Clemson Top Single Game
Attendance Figures

| Year | Opponent | Attendance |
|---|---|---|
| 1999 | Florida State | 86,092 |
| 1994 | South Carolina | 85,872 |
| 2015 | Florida State | 85,573 |
| 2000 | South Carolina | 85,187 |
| 2001 | Florida State | 85,036 |
| 2014 | South Carolina | 85,024 |
| 2015 | Notre Dame | 84,892 |
| 2001 | North Carolina | 84,869 |
| 1988 | South Carolina | 84,867 |
| 1988 | Florida State | 84,576 |

==Traditions==

===Howard's Rock===

In the early 1960s, the rock was given to then head coach Frank Howard by a friend, Samuel Columbus Jones (Clemson Class of 1919). It was presented to Howard by Jones, saying "Here's a rock from Death Valley, California, to Death Valley, South Carolina." Howard didn't think anything else about the rock and it was used as a door stop in his office for several years. In September 1966, while cleaning out his office, Howard noticed the rock and told IPTAY executive director Gene Willimon, "Take this rock and throw it over the fence or out in the ditch...do something with it, but get it out of my office." Willimon had the rock placed on a pedestal at the top of the east end zone hill that the team ran down to enter the field for games. On September 24, 1966, the first time Clemson players ran by the rock, they beat conference rival Virginia, 40–35. Howard, seizing on the motivational potential of "The Rock", told his players, "Give me 110% or keep your filthy hands off of my rock." The team started rubbing the Rock for the first game of 1967, in which they beat ACC foe Wake Forest, 23–6.

It is now a tradition for the Clemson Ranger Club to "protect" the Rock during the 24 hours preceding the Clemson-South Carolina game, when held in Death Valley. ROTC cadets keep a steady drum cadence around the Rock prior to the game, which can be heard across the campus.

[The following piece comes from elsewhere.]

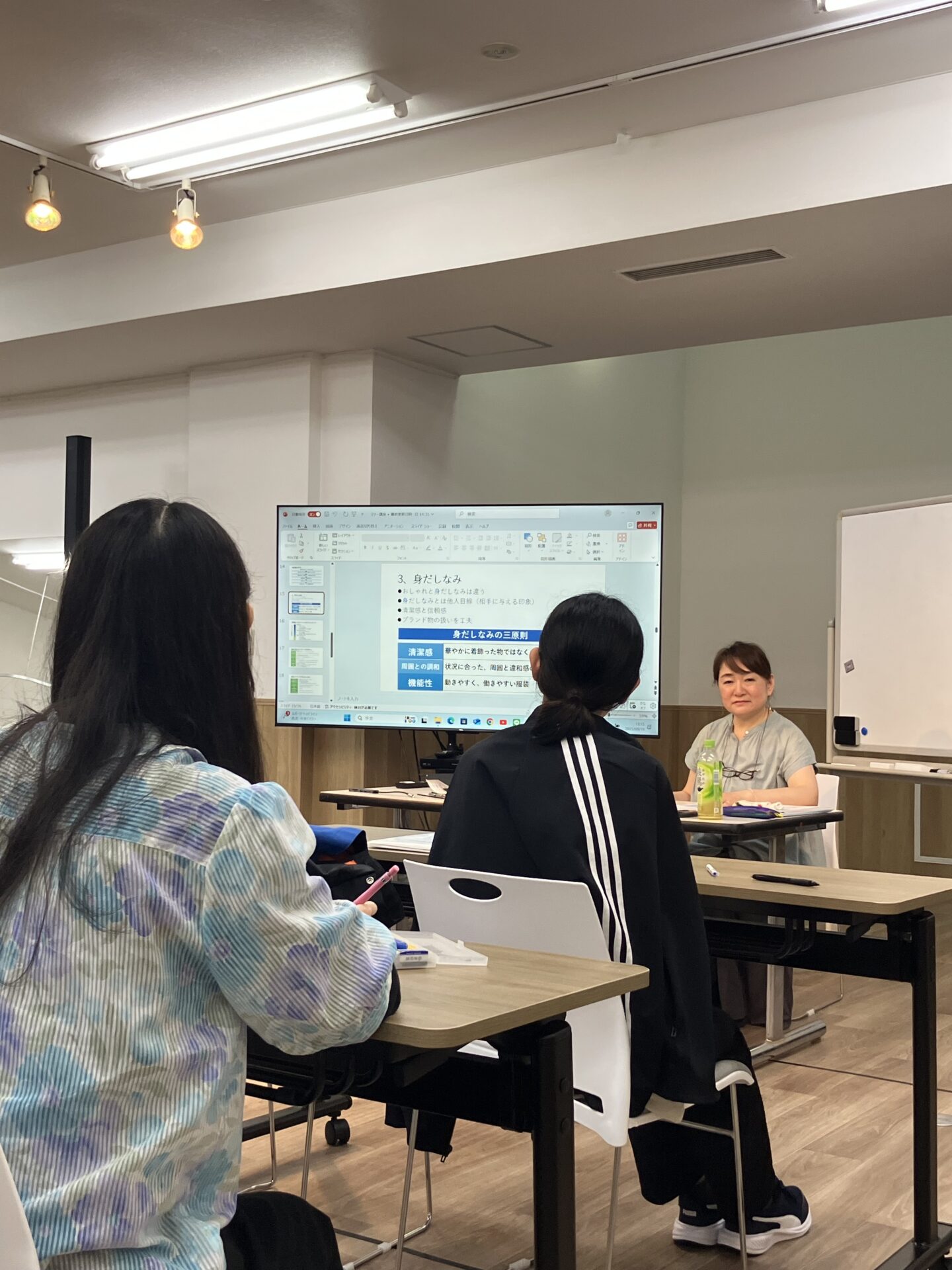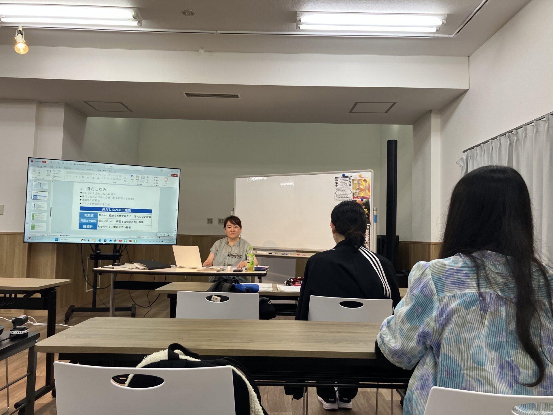 講座では、挨拶や言葉遣い、立ち居振る舞いといった基本的な礼儀作法から、身だしなみやコミュニケーションの取り方まで、実践を交えながら学びました。美容やサービスの現場では技術力と同じくらい人柄や接遇が求められるため、日々の生活や今後の就職活動にも直結する貴重な学びの時間となりました。

Part of the tradition began after unknown parties vandalized the Rock prior to the 1992 South Carolina-Clemson game.

In 2013, the rock was vandalized and re-installed under a protective case.

===Running Down the Hill===
Probably the most highly publicized tradition of Clemson football is its dramatic entrance scene. The tradition of Running Down the Hill started when the football locker rooms were located in Fike Field House (located up the hill northeast of the stadium). Clemson players would run down the hill all the way from Fike into the stadium to intimidate opposing teams.

Today, after exiting the stadium on the west side, the players load into buses, escorted by police officers. They make their way around the stadium to the east side where The Hill is located. This scene has been shown on the JumboTron ever since it was installed in the stadium. When the buses arrive at the east side, the players get out and gather at the top of the hill and stand around Howard's Rock. Once most of the players are out of the buses and ready to go, a cannon sounds, the band launches into Tiger Rag, and the players run down the hill. In 1985, Brent Musburger referred to it as "the most exciting 25 seconds in college football."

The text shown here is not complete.